(WHAT YOU ARE ASKED TO DO) Two lines in the listing below mark the span: one contains "Te invitamos a" and one contains "La reine de". Reproduce both of them and everything between, exactly.

(SOURCE INFORMATION)
*** Begin section ***

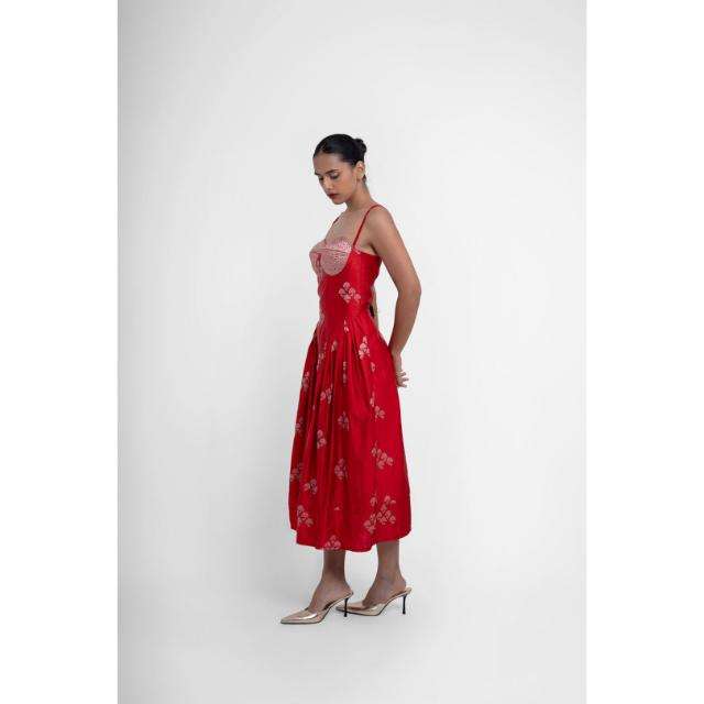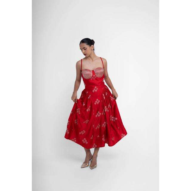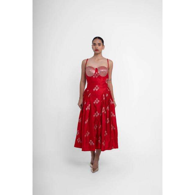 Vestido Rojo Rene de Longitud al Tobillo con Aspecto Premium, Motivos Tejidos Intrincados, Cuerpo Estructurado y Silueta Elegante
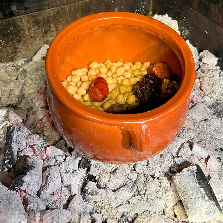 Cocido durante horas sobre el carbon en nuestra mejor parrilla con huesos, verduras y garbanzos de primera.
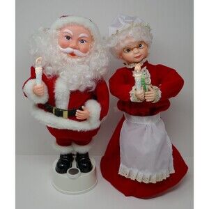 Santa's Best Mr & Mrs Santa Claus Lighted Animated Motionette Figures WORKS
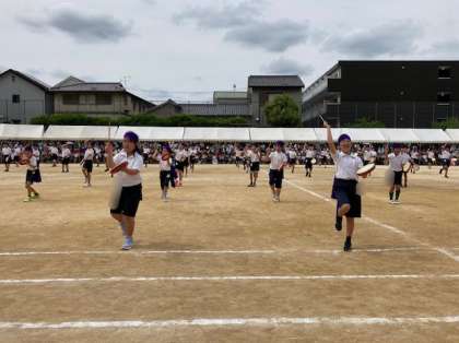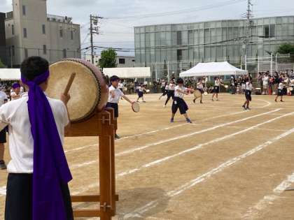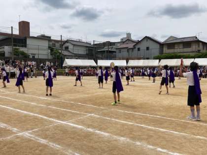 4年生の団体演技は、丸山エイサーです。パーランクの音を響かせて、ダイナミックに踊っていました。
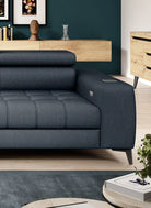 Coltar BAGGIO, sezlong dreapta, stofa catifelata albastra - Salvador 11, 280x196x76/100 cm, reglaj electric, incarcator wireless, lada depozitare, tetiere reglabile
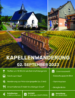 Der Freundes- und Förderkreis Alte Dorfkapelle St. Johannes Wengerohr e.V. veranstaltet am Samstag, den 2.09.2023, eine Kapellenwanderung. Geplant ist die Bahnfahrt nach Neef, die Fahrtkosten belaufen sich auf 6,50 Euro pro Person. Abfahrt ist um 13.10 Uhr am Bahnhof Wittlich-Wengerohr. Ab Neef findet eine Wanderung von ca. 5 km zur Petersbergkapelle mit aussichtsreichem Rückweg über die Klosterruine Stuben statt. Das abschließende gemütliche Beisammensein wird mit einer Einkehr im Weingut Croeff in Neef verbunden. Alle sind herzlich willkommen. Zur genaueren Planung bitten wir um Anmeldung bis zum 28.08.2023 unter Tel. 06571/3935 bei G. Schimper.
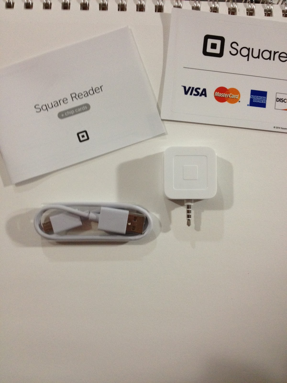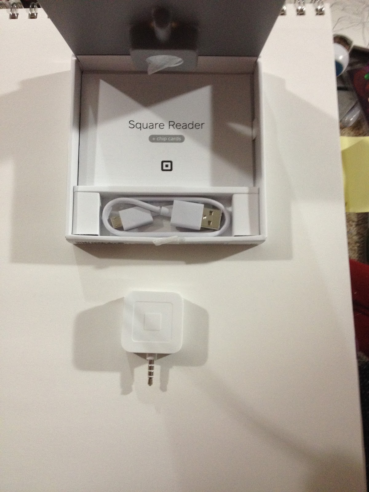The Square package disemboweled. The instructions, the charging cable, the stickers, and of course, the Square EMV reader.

*** End section ***
*** Begin section ***

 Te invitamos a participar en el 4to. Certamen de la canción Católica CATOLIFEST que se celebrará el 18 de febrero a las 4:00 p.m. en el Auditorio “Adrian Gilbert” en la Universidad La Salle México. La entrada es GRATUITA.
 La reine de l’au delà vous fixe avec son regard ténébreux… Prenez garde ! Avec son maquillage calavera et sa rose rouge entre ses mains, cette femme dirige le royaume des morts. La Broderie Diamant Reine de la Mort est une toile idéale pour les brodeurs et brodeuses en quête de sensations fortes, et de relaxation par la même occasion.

*** End section ***
*** Begin section ***

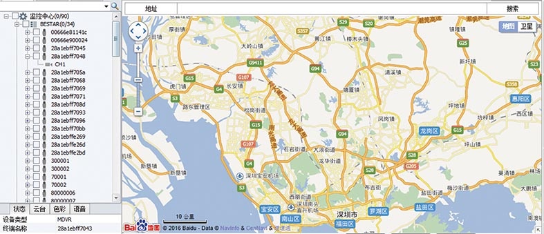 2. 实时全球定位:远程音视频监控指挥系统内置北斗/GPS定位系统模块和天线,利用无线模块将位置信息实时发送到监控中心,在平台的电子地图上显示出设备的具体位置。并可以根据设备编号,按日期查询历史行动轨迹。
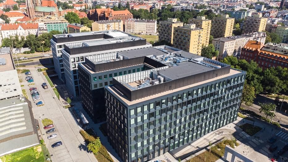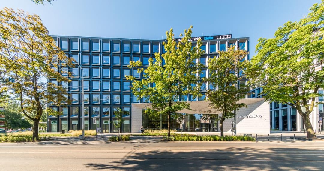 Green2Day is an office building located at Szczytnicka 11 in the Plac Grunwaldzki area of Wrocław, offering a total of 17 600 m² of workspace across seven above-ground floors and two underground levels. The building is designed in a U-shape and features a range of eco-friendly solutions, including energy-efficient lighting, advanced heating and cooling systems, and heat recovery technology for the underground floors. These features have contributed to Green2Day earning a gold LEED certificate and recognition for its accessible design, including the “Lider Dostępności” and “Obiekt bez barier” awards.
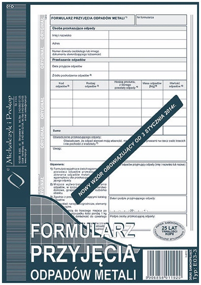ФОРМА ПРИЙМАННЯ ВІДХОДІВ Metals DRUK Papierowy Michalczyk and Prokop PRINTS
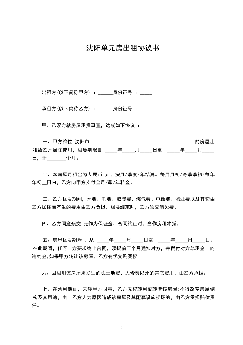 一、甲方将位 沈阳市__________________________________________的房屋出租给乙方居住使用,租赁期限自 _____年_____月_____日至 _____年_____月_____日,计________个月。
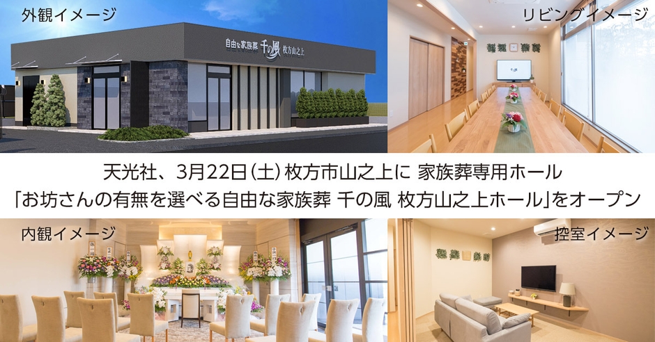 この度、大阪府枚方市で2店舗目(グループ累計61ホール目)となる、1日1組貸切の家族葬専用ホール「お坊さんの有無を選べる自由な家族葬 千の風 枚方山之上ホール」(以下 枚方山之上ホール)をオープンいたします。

*** End section ***

(COMPLETED EXERCISE)
 Te invitamos a participar en el 4to. Certamen de la canción Católica CATOLIFEST que se celebrará el 18 de febrero a las 4:00 p.m. en el Auditorio “Adrian Gilbert” en la Universidad La Salle México. La entrada es GRATUITA.
 La reine de l’au delà vous fixe avec son regard ténébreux… Prenez garde ! Avec son maquillage calavera et sa rose rouge entre ses mains, cette femme dirige le royaume des morts. La Broderie Diamant Reine de la Mort est une toile idéale pour les brodeurs et brodeuses en quête de sensations fortes, et de relaxation par la même occasion.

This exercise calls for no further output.